– Но прежде ответьте, пожалуйста, на один вопрос, мистер Айрленд. Очень кратко.
– Разумеется. Я готов.
Ритсон положил ладони на стол.
– Уильям Генри Айрленд, готовы ли вы присягнуть, что, насколько вы знаете и насколько можете судить, исходя из известных вам обстоятельств, при которых обнаружились данные документы, – что они действительно вышли из-под пера Уильяма Шекспира?
– Прошу меня простить. Позволите ли вы мне сперва зачитать мое заявление?
– Безусловно.
Уильям отступил на шаг и вынул из внутреннего кармана сюртука лист бумаги.
– «В газетах сообщалось, что данный комитет был создан для того, чтобы разобраться в вопросе о причастности моего отца к обнаружению и обнародованию рукописей Шекспира. Дабы избавить отца от многочисленных наветов, я заявляю под присягой, что он получил эти листы как подлинно шекспировские от меня, не имея понятия ни об их происхождении, ни об источнике». – Он сунул листок обратно в карман и осведомился: – Этого довольно?
– Для оправдания вашего отца – да, – проронил Стивене. – Но вы ведь не ответили на первый наш вопрос. Позвольте узнать, какова ваша роль в этой истории?
– Пожалуйста.
– И если так, то не могли бы вы нас просветить касательно происхождения и источника документов?

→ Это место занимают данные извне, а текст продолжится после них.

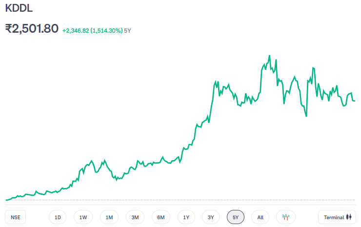 लग्जरी वॉच कंपोनेंट्स बनाने वाली कंपनी KDDL लिमिटेड ने स्विट्जरलैंड की मशहूर वॉच ब्रांड Favre Leuba का अधिग्रहण कर वैश्विक बाजार में अपनी स्थिति और मजबूत कर ली है. कंपनी की यह रणनीतिक खरीदारी उसे न केवल अंतरराष्ट्रीय पहचान दिला रही है बल्कि प्रीमियम वॉच इंडस्ट्री में एक बड़ा विस्तार भी सुनिश्चित कर रही है. पिछले 5 साल में कंपनी ने 1500% से अधिक का मल्टीबैगर रिटर्न दिया है. विश्लेषकों का अनुमान है कि लॉन्ग टर्म में KDDL के शेयर मुनाफा करा सकते हैं. ऐसे में निवेशक इसे वॉचलिस्ट में शामिल कर सकते हैं.

– Будьте любезны, сэр, уточните ваш вопрос.
– Хорошо. Вы получили рукописи от частного лица? Нашли их в некоем месте? Обрели право на них в результате дарения? Или?…

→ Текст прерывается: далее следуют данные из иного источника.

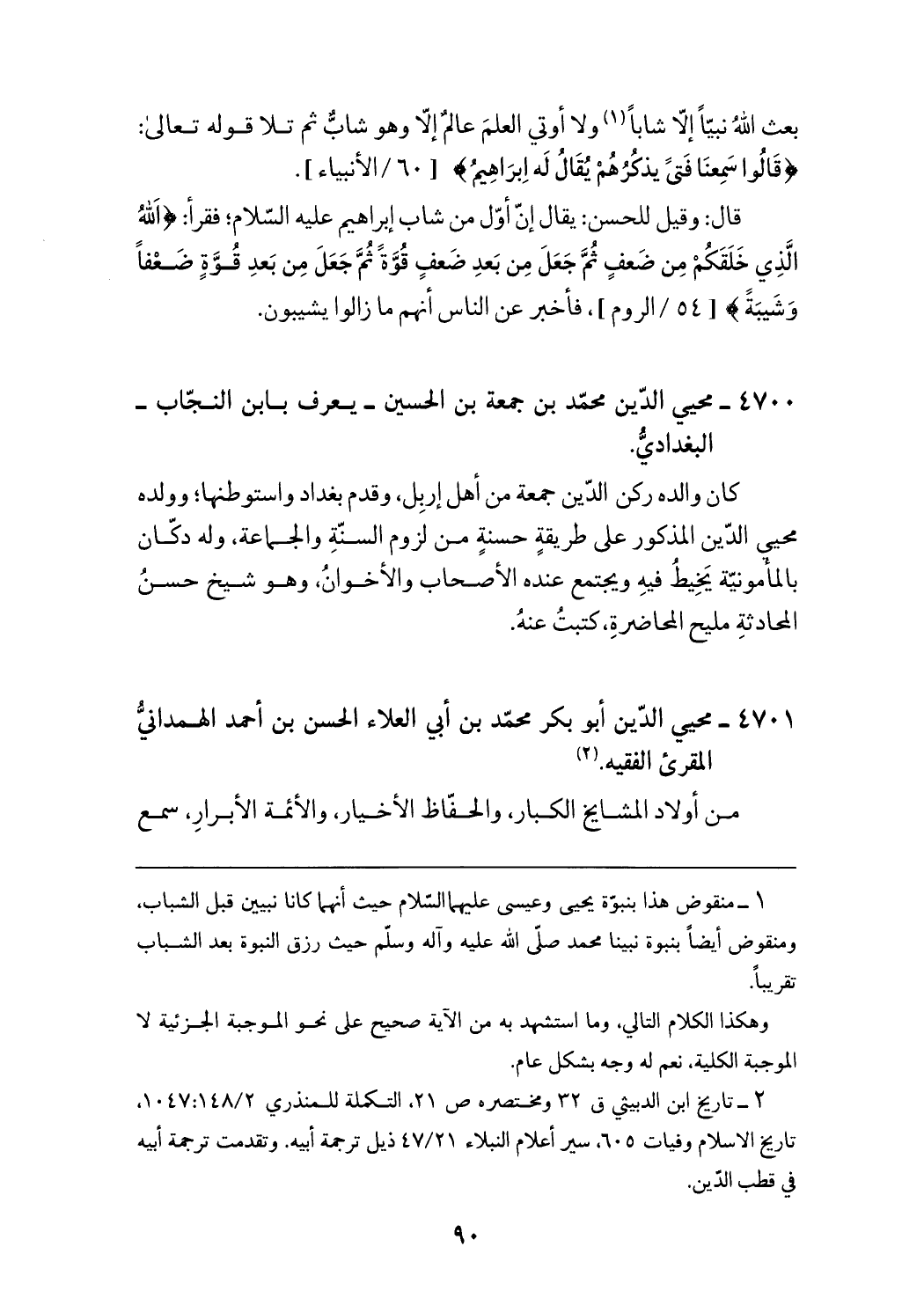 4700 - محيي الدّين محمّد بن جمعة بن الحسين - يعرف بابن النجّاب -

– Во избежание двусмысленности могу сказать лишь одно: я получил их от частного лица.
– И какого же?
– Ваш вопрос ставит меня в трудное положение.
– То есть?
– Я не имею права назвать имя этого человека или каким-либо иным способом пояснить, о ком идет речь.
– По какой причине?
– Я дал клятву.
– Тому человеку, который передал вам эти бумаги?
– Тому самому.
Стивенс перевел глаза на Ритсона; тот вздернул брови, изображая удивление.
Айрленд кашлянул и снова уставился в оконце.
– И вы не можете назвать нам этого благодетеля?
– Больше не скажу ни слова. Или вы хотите, чтобы я стал клятвопреступником?
– Простите?
– Я дал клятву никогда не разглашать имени моего покровителя. Вы требуете, чтобы я нарушил ее и тем обесчестил себя?
– Боже сохрани.
Айрленду послышалась в этих словах ирония, и он метнул на Стивенса злобный взгляд, но тут заговорил Ритсон:
– А не согласится ли сей джентльмен предстать перед нами конфиденциально, без огласки?
– Я не говорил, что это джентльмен.
– Не джентльмен?
– Не поймите меня превратно. Я всего лишь подчеркиваю, что не указывал, какого пола мой покровитель.
– Согласится ли это лицо, какого бы оно ни было пола, предстать перед нами при условии сохранения строжайшей тайны?
– Мой покровитель уехал за границу. В Эльзас.
– По какой надобности?
– Эта история настолько нарушила его душевный покой, что жизнь в Лондоне стала ему невыносима.
– Все складывается крайне неудачно, мистер Айрленд.
– Ничего не поделаешь, мистер Стивене, таковы обстоятельства.
В дверь вдруг постучали.
– Позволите? – Сэмюэл Айрленд вошел в зал и поклонился членам комитета. – Я его отец. Здесь не судебное заседание. Я имею право присутствовать. – Он стал рядом с сыном и улыбнулся. – Уильям Айрленд, не сомневаюсь, уже развеял даже малейшие подозрения относительно моей причастности к этому делу. – Он явно слышал все, что говорил Уильям. – Сообщил ли он вам что-либо о своем патроне и благодетеле?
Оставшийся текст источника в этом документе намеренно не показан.